* _ACTIVITY_:
Output the lines of the records from the one containing "敏感項(xiàng),α為抑" through the last, both ends included. Leave pictures out.

Records drawn from a dataset
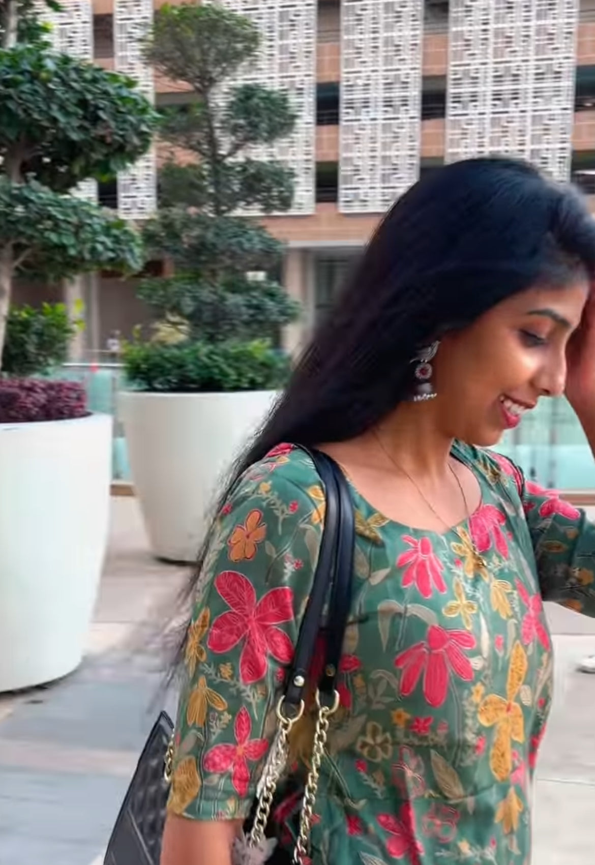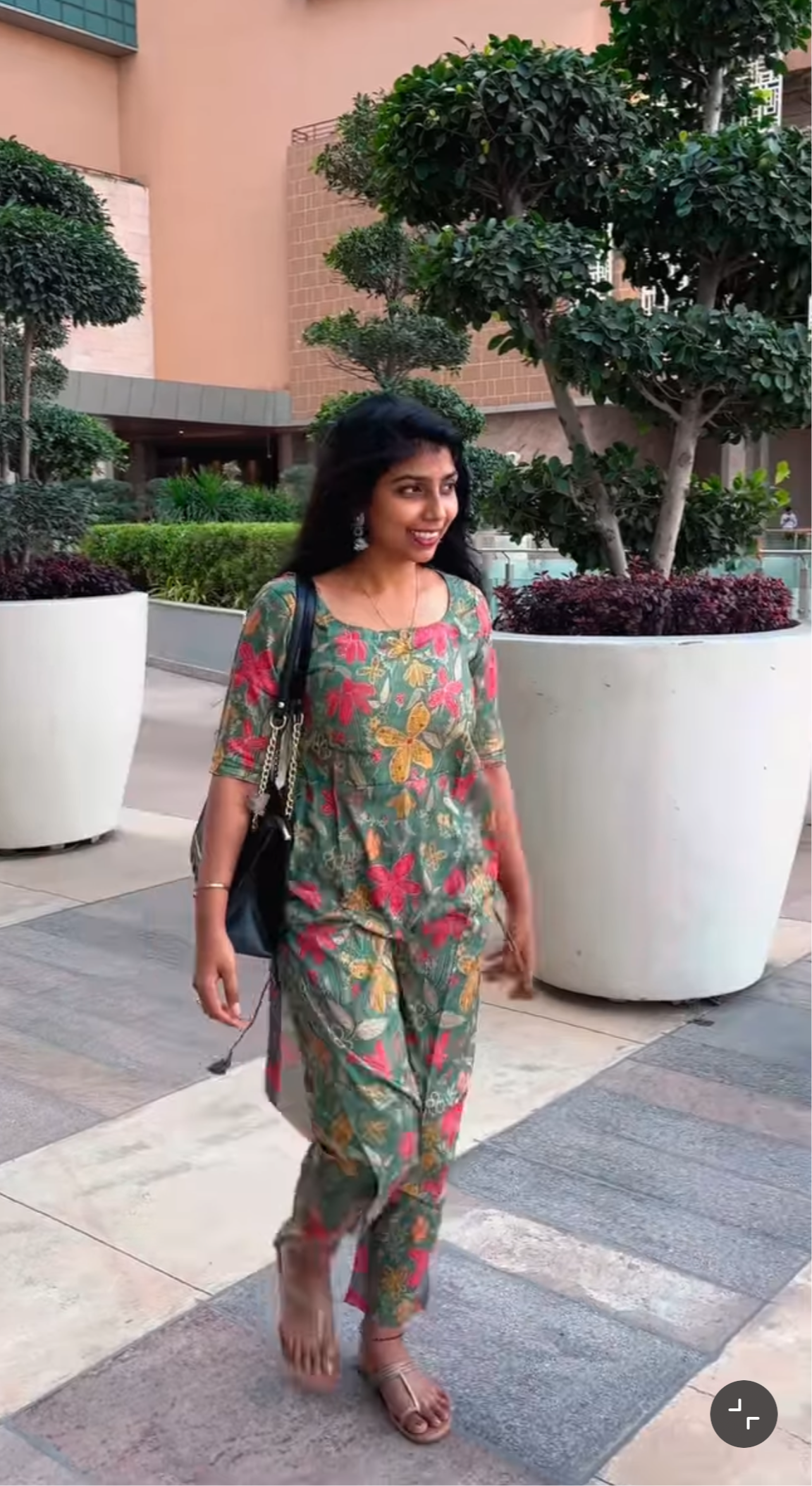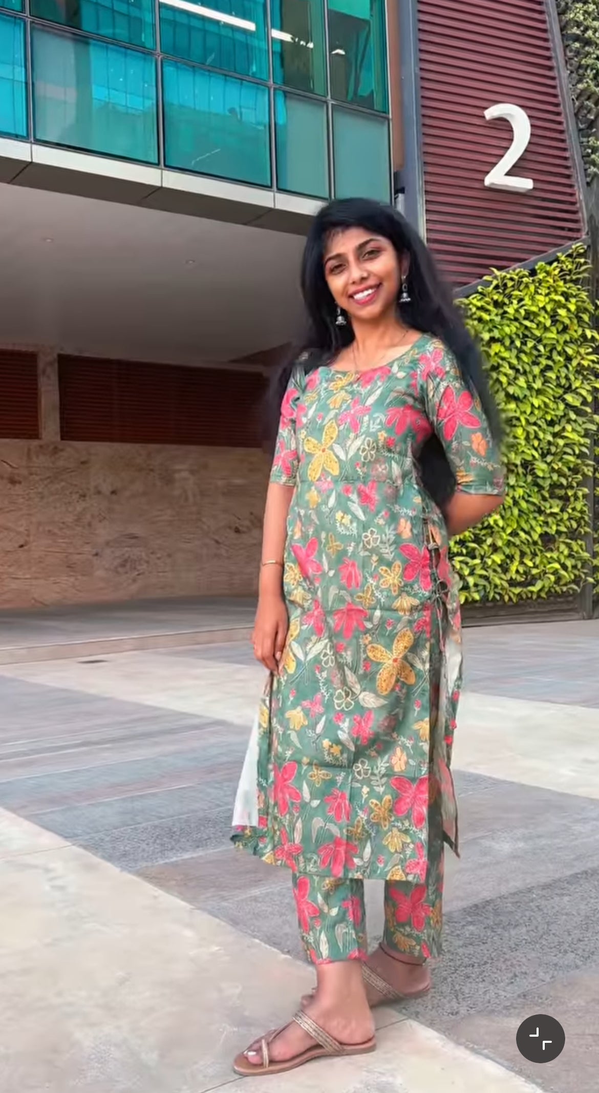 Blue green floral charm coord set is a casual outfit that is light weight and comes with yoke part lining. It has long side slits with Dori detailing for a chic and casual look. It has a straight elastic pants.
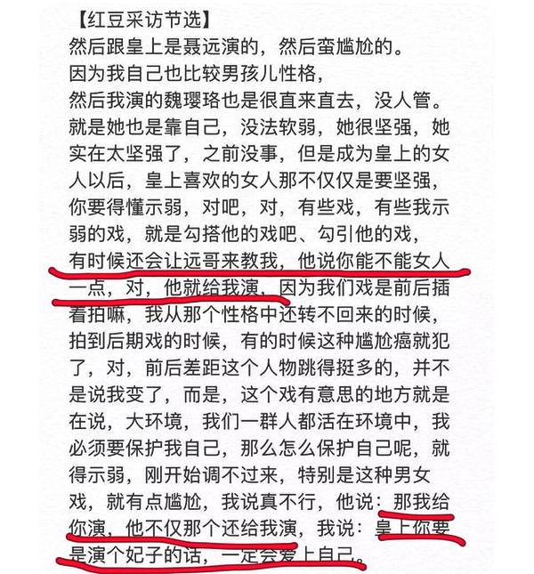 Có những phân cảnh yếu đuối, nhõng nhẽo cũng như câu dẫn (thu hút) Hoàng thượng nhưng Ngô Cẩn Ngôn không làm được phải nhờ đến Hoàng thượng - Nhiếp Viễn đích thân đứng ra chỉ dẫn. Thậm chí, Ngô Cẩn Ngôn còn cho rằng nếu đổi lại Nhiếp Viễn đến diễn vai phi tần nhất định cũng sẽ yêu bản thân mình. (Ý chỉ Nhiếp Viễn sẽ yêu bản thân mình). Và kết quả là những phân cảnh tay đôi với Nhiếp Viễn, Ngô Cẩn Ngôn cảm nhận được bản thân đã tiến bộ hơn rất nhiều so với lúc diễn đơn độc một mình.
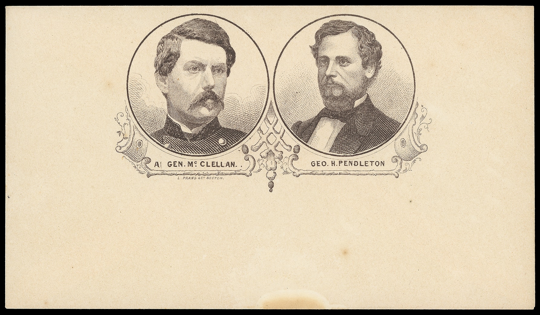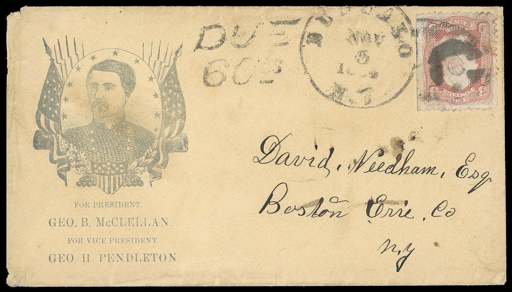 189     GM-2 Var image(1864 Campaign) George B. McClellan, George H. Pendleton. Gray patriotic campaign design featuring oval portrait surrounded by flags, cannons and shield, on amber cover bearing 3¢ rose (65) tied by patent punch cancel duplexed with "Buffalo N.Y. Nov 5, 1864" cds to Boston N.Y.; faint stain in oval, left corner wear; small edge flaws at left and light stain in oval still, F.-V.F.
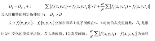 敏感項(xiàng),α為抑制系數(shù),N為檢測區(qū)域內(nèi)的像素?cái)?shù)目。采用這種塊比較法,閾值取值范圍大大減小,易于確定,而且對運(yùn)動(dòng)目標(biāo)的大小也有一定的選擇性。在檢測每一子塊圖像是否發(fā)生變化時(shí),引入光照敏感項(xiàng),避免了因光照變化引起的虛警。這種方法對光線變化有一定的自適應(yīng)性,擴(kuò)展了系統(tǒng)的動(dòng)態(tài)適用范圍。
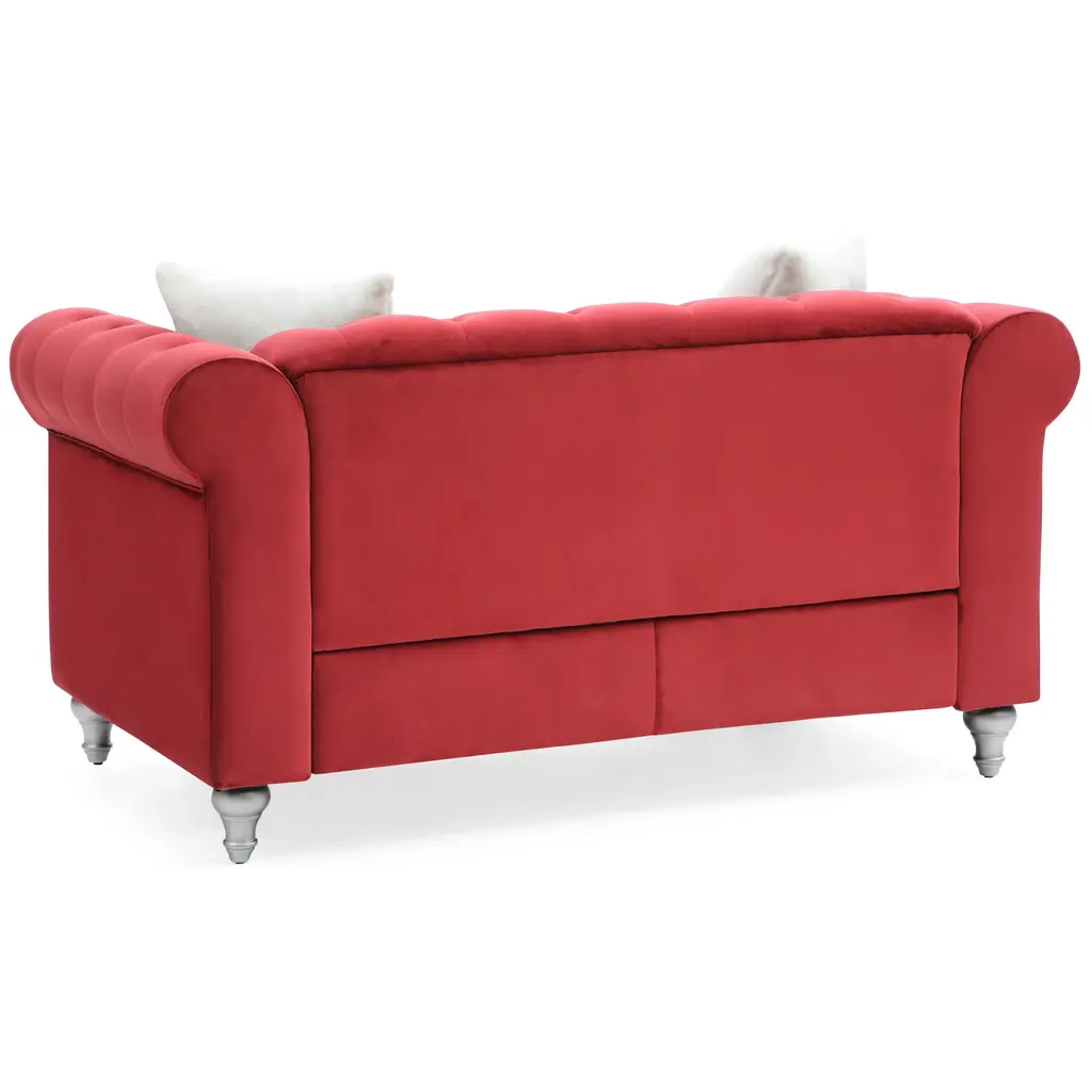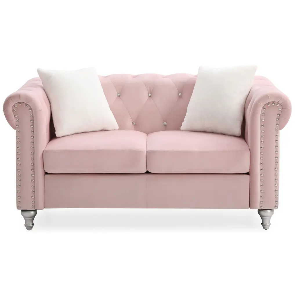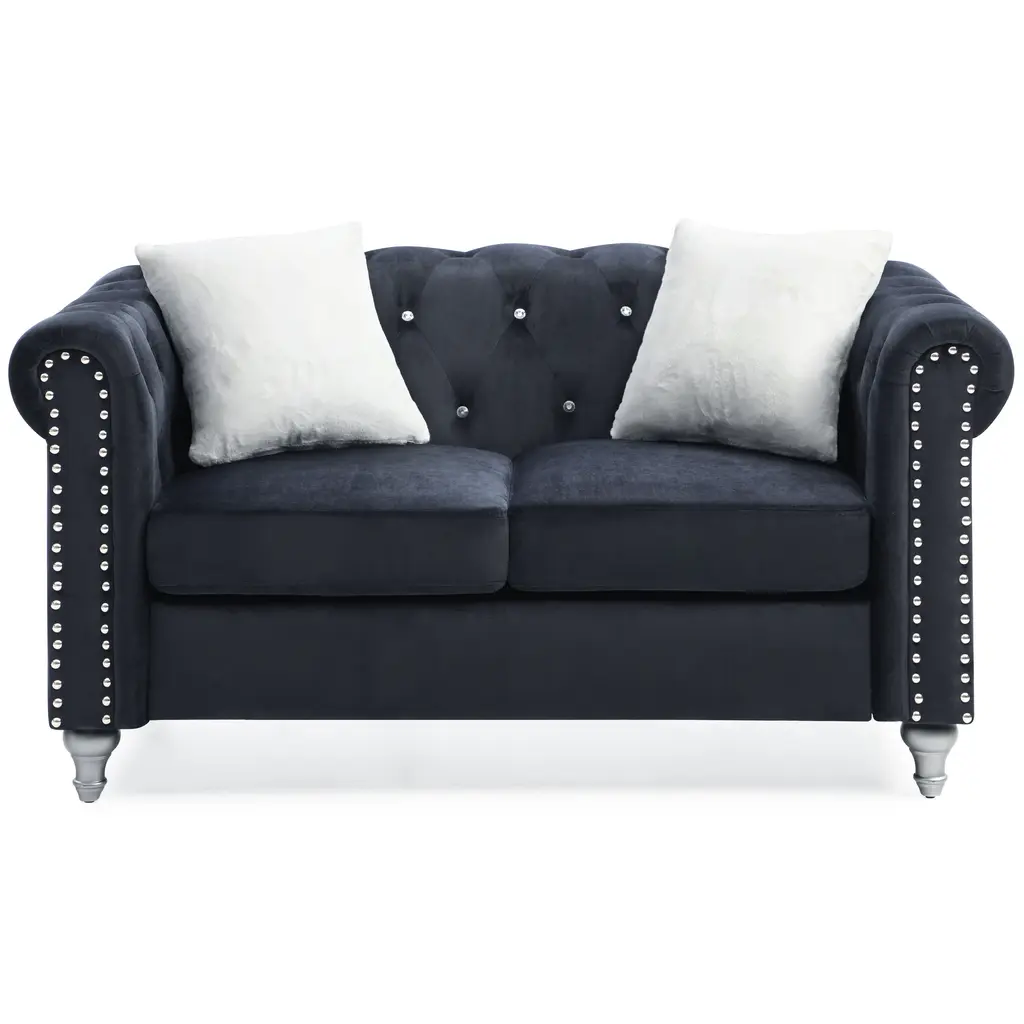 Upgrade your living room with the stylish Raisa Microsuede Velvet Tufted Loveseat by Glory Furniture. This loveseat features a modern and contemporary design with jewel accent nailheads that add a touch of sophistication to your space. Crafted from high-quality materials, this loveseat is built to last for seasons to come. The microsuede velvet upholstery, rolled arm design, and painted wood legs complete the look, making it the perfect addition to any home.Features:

* _EXERCISE SOLUTION_:
 敏感項(xiàng),α為抑制系數(shù),N為檢測區(qū)域內(nèi)的像素?cái)?shù)目。采用這種塊比較法,閾值取值范圍大大減小,易于確定,而且對運(yùn)動(dòng)目標(biāo)的大小也有一定的選擇性。在檢測每一子塊圖像是否發(fā)生變化時(shí),引入光照敏感項(xiàng),避免了因光照變化引起的虛警。這種方法對光線變化有一定的自適應(yīng)性,擴(kuò)展了系統(tǒng)的動(dòng)態(tài)適用范圍。
 Upgrade your living room with the stylish Raisa Microsuede Velvet Tufted Loveseat by Glory Furniture. This loveseat features a modern and contemporary design with jewel accent nailheads that add a touch of sophistication to your space. Crafted from high-quality materials, this loveseat is built to last for seasons to come. The microsuede velvet upholstery, rolled arm design, and painted wood legs complete the look, making it the perfect addition to any home.Features:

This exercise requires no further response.